Two men were driving to their first heist when the passenger admitted to the driver that he was probably too scared to pull off the job. The driver scolded him, “Don’t be such a baby. You’ll do just fine. Just give them our demands and they will cooperate. You can do this.”
The robbers pulled up to the bank and the passenger bravely exited the car, calmly walked into the bank, confidently approached the bank teller, boldly pulled out his gun, and said, “All right mother stickers, this is a screw up, put your brains in the bag, or I’ll blow the money all over the floor.”
One night, Tim was walking home when, all of a sudden, a thief jumped on him. Tim and the thief began to wrestle. They rolled about on the ground and Tim put up a tremendous fight. However, the thief managed to get the better of him and pinned him to the ground. The thief then went through Tim’s pockets and searched him. All the thief could find on Tim was 25 cents. The thief was so surprised at this that he asked Tim why he had bothered to fight so hard for a 25 cents.
“Was that all you wanted?” Tim replied, “I thought you were after the five hundred dollars I’ve got in my shoe!”
Little Johnny’s kindergarten class was on a field trip to their local police station where they saw “wanted” pictures, posted on the wall, of the 10 most wanted criminals. One of the youngsters pointed to a picture and asked if it really was the photo of a criminal that was wanted by the law.
“Yes,” said the policeman. “The detectives want very badly to find and capture him.”
With a puzzled look on his face, little Johnny asked, “Well, why didn’t you keep him when you took his picture?”

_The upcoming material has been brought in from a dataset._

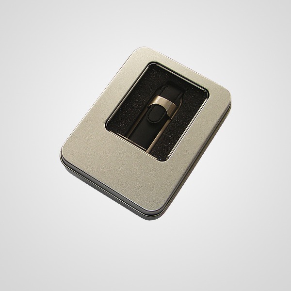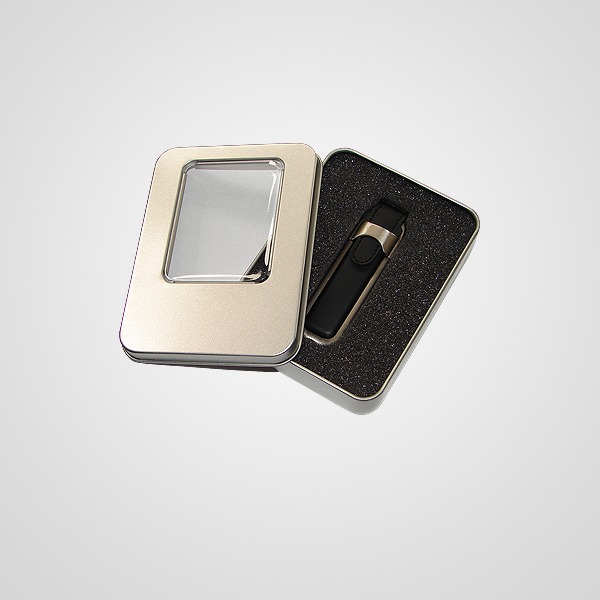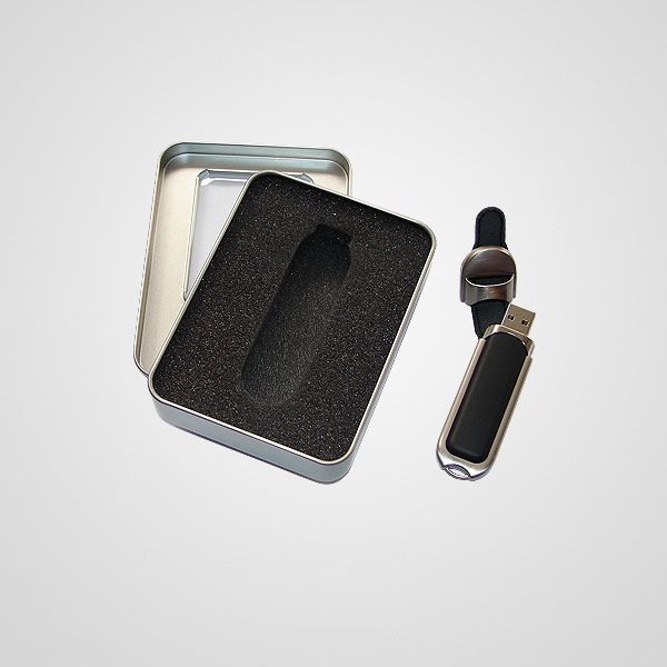 Descripción: Pendrive de 16GB en cuero con laterales y tapa de metal y presilla de cuero, caja contenedora metálica con visor traslucido con cobertura de cartón.

On Christmas morning a cop on horseback is sitting at a traffic light, and next to him is a kid on his brand new bike. The cop says to the kid, “Nice bike you got there. Did Santa bring that to you?”
The kid says, “Yeah.”
The cop says, “Well, next year tell Santa to put a tail-light on that bike.” The cop then proceeds to issue the kid a $20.00 bicycle safety violation ticket.
The kid takes the ticket and before the cop rides off says, “By the way, that’s a nice horse you got there. Did Santa bring that to you?”
Humouring the kid, the cop says, “Yeah, he sure did.”
The kid says, “Well, next year tell Santa to put the butt on the back of the horse, instead of on top.”
A man and his wife were driving down the road when a cop turns on his lights and pulls them over. The cop leans into the window and says to the man, “Sir, did you know that you were speeding?”
The man replies, “No sir, I didn’t know I was speeding.”
The man’s wife leans over and yells, “Yes you did. You knew you were speeding. I’ve been telling you to slow down for miles.”
“SHUT UP!” the man says to his wife, “Shut the hell up, just sit back and be quiet.”
The cop says, “Well, since I’ve got you pulled over, did you know that the tag on your license plate is expired?”
“No Sir” the man replies, “I did not know that”
“WHATEVER!”, his wife yells, “I’ve been telling you to go renew that tag for two whole months now!”
“Shut up” the man yells to his wife again! “Sit back and shut the hell up. Mind your own damn business!”
Curious, the cop walks over to the woman’s side of the car, leans in, and asks her, “Does your husband always talk to you this way?”
“No” she replies solemnly, ” Only when he’s been drinking!”